Work required: Within the data below, tally the lines that contain "Friendly" and state only the total.

Extracted records
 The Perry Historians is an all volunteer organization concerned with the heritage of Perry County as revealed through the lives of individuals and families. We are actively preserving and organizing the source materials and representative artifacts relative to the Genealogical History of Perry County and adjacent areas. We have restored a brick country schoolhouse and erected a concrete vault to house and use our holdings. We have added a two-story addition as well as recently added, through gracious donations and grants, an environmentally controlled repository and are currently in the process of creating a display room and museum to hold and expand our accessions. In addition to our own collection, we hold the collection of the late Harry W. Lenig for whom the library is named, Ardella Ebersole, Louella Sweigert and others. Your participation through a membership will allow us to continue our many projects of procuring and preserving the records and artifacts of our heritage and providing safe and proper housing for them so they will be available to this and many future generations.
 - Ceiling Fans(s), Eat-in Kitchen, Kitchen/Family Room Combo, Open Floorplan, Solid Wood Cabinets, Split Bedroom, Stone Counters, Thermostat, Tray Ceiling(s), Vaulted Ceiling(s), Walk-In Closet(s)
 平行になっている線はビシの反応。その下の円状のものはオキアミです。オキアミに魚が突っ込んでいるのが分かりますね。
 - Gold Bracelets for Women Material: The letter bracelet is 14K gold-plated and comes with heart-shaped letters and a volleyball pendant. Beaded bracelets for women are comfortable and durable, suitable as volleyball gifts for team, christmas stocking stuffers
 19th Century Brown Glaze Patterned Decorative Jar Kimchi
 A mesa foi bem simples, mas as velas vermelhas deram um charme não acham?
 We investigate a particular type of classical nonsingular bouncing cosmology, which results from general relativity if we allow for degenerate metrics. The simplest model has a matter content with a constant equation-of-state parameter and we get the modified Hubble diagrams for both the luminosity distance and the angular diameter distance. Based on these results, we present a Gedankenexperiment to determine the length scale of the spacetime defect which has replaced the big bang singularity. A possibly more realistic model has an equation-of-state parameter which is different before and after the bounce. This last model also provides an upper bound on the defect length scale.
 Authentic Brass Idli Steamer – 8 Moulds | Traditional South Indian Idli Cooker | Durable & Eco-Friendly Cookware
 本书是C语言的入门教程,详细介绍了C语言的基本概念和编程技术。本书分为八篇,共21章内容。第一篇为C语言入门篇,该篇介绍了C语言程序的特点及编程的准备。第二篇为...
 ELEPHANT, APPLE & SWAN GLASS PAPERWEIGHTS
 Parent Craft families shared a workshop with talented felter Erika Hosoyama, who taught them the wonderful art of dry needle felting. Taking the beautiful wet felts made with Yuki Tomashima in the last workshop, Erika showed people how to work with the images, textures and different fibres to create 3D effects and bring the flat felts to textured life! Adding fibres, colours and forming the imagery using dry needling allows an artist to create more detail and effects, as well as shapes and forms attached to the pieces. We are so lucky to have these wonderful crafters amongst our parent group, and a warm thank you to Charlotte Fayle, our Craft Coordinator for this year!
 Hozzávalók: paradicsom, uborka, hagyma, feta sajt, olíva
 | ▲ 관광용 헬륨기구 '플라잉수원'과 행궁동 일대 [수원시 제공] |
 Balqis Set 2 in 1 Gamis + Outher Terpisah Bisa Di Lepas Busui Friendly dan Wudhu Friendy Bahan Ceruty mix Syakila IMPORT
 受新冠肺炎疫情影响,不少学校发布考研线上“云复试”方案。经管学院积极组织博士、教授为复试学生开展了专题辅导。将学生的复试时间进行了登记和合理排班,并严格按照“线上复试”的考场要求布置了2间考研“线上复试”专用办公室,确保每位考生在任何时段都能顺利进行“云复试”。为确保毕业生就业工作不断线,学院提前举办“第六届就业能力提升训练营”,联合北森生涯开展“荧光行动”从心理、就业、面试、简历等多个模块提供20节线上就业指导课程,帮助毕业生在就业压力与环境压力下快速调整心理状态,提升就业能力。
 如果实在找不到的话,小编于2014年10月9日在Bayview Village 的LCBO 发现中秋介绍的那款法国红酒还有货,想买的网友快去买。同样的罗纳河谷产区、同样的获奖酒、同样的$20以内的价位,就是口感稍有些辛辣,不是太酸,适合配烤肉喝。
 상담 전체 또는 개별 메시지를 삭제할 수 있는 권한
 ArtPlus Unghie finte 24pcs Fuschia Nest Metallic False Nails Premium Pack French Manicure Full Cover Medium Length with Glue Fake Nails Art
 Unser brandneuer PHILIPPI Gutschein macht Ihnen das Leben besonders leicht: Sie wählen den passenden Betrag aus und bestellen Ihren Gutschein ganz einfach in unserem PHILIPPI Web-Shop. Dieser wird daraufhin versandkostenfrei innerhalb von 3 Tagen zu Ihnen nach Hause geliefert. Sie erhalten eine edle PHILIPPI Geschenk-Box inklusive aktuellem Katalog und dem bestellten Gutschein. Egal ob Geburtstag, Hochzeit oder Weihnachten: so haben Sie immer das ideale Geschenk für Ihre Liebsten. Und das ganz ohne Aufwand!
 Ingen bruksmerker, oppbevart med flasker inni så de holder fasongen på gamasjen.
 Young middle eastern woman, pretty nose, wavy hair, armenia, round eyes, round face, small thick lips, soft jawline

Exercise response: 2